- [EXERCISE] Within the lines below, the span from the line with "- 본 상품은 신선식품" to the line with "外運![]() | 笠井倫々子さんの外運は24画の5つ星!家庭運が良く順調な人生。金運にも恵まれる。", both ends included, is to be reproduced exactly, with pictures omitted.

- [Records from a data source]
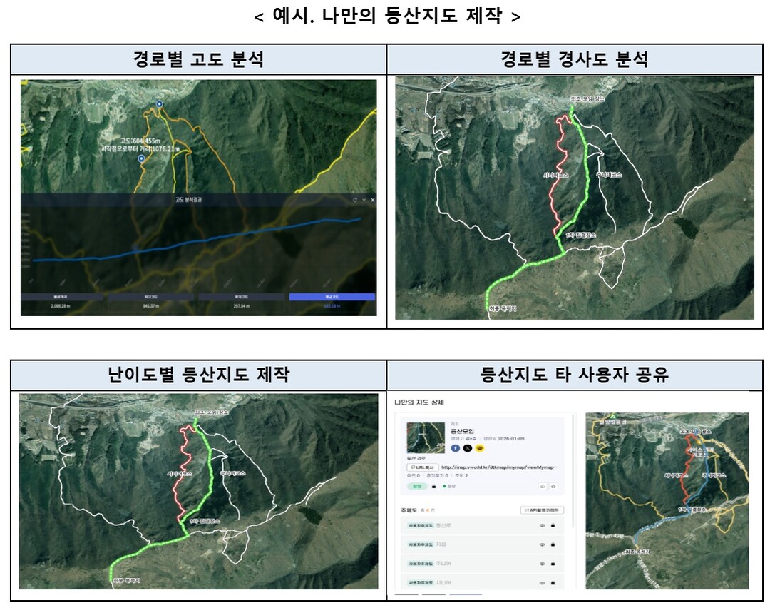 또한 ‘나만의 지도 제작’ 기능이 2D에서 3D로 확장됐다. 일반 국민 누구나 등산로, 자전거 도로, 건축 계획 등 원하는 정보를 적용해 입체지도를 제작하고 공유할 수 있다.
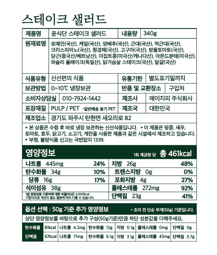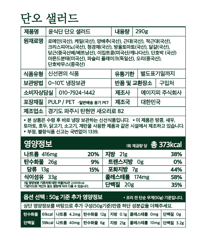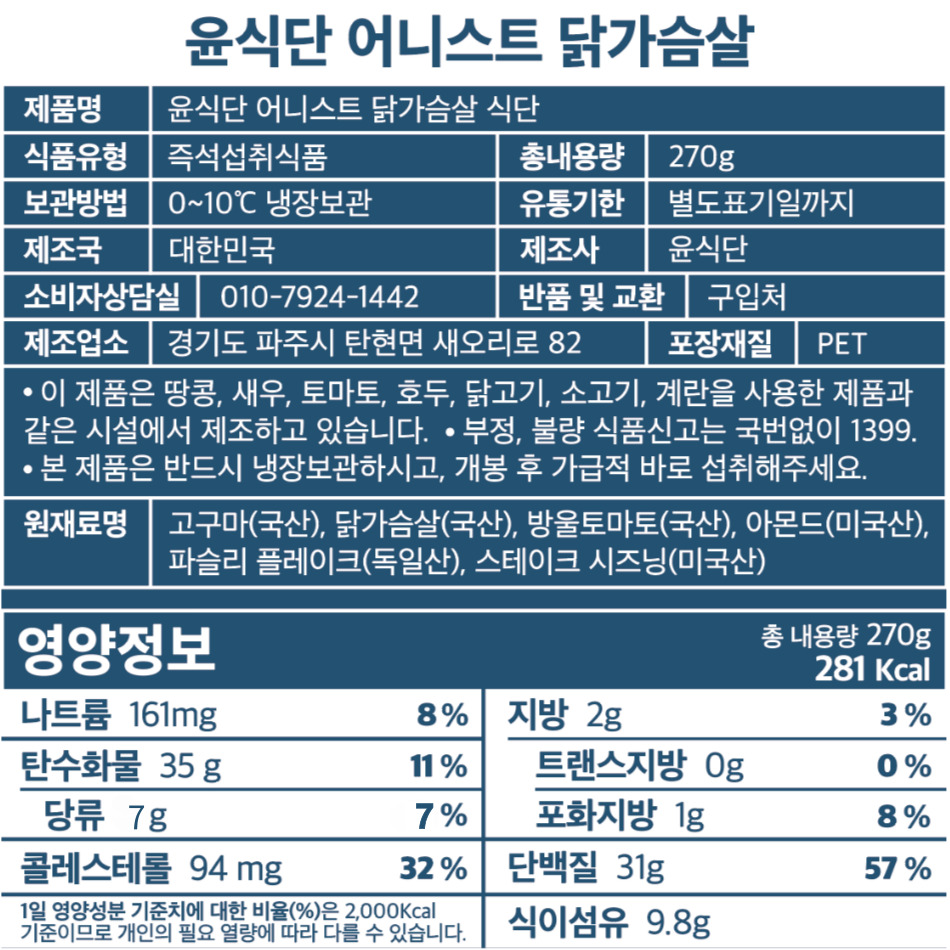 - 본 상품은 신선식품 특성 상 단순 변심으로 인한 교환 및 반품이 어렵습니다. 기호에 맞지 않을 시, 이미 수령한 상품을 제외한 남은 정기배송 일자에 대한 취소처리가 가능합니다. 취소를 요청하실 경우 윤식단 공식 홈페이지 채널톡을 통해 문의 부탁드리겠습니다.
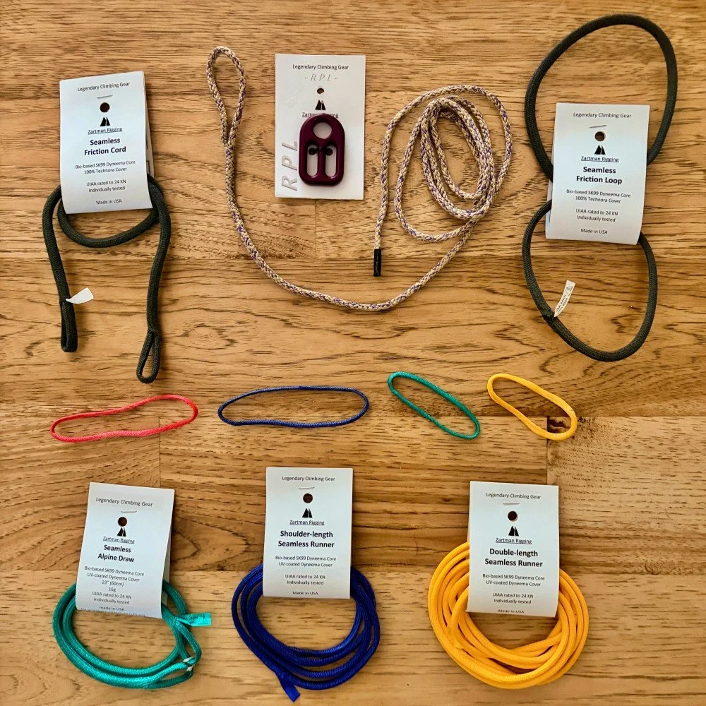To improve gear, makers keep pushing for lighter and stronger. Zartman Rigging takes this another step, with their high tech spliced, not sewn, soft goods made for climbers. Here's an overview.
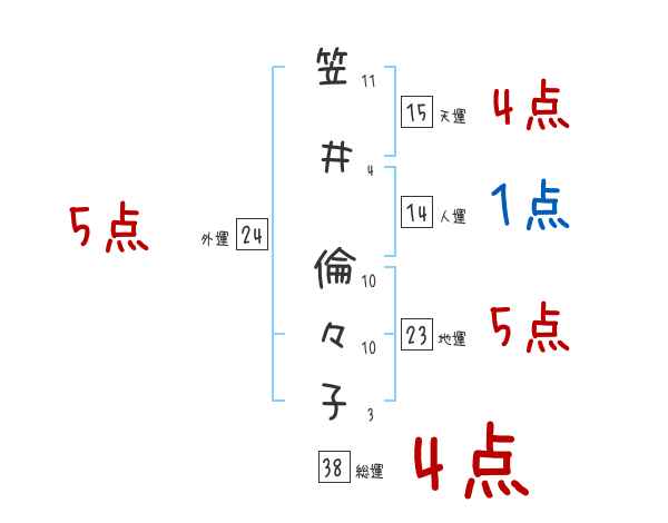外運![]() | 笠井倫々子さんの外運は24画の5つ星!家庭運が良く順調な人生。金運にも恵まれる。 生活面を象徴する運勢です。外部から受ける影響力を表し、結婚運、家庭運や職場、環境への順応性を表します。 |
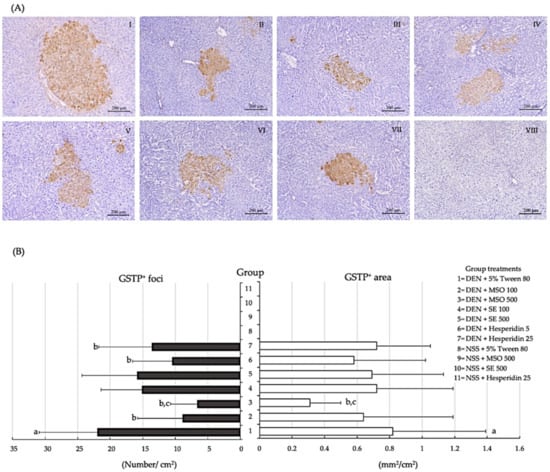 Effect of a 10-week administration of MSO and its compositions on the formation of GST-P-positive foci in rats. (A) Characteristics of hepatic GST-P-positive foci, Groups 1–8 are represented as I-VIII, respectively. DEN alone [I], DEN+MSO 100 [II], DEN+MSO 500 [III], DEN+SE 100 [IV], DEN+SE 500 [V], DEN+Hesperidin 5 [VI], DEN+Hesperidin 25 [VII] and a vehicle control [VIII]. (B) Number and area of GST-P-positive foci in rats. Values are expressed as mean ± SD. DEN: diethylnitrosamine; GST-P: glutathione S-transferase placental form; MSO: mixed sesame and orange seed extract; NSS: normal saline solution; SE: sesame extract. a significantly different from a negative control group, group 8 (p < 0.05). b significantly different from a positive control group, group 1 (p < 0.05). c significantly different from group 7 (DEN + Hesperidin 25) (p < 0.05).
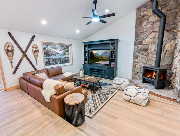 Diseño familiar: diseñado profesionalmente pensando en las familias, nuestra casa de 3000 pies cuadrados tiene espacios para vivir en los tres niveles que crean un entorno familiar donde todos los miembros de tu equipo pueden relajarse y descansar juntos. Nos encargamos de los detalles para que puedas concentrarte en disfrutar de tus épicas vacaciones en Alaska.

- [EXERCISE RESPONSE]
 - 본 상품은 신선식품 특성 상 단순 변심으로 인한 교환 및 반품이 어렵습니다. 기호에 맞지 않을 시, 이미 수령한 상품을 제외한 남은 정기배송 일자에 대한 취소처리가 가능합니다. 취소를 요청하실 경우 윤식단 공식 홈페이지 채널톡을 통해 문의 부탁드리겠습니다.
To improve gear, makers keep pushing for lighter and stronger. Zartman Rigging takes this another step, with their high tech spliced, not sewn, soft goods made for climbers. Here's an overview.
外運![]() | 笠井倫々子さんの外運は24画の5つ星!家庭運が良く順調な人生。金運にも恵まれる。 生活面を象徴する運勢です。外部から受ける影響力を表し、結婚運、家庭運や職場、環境への順応性を表します。 |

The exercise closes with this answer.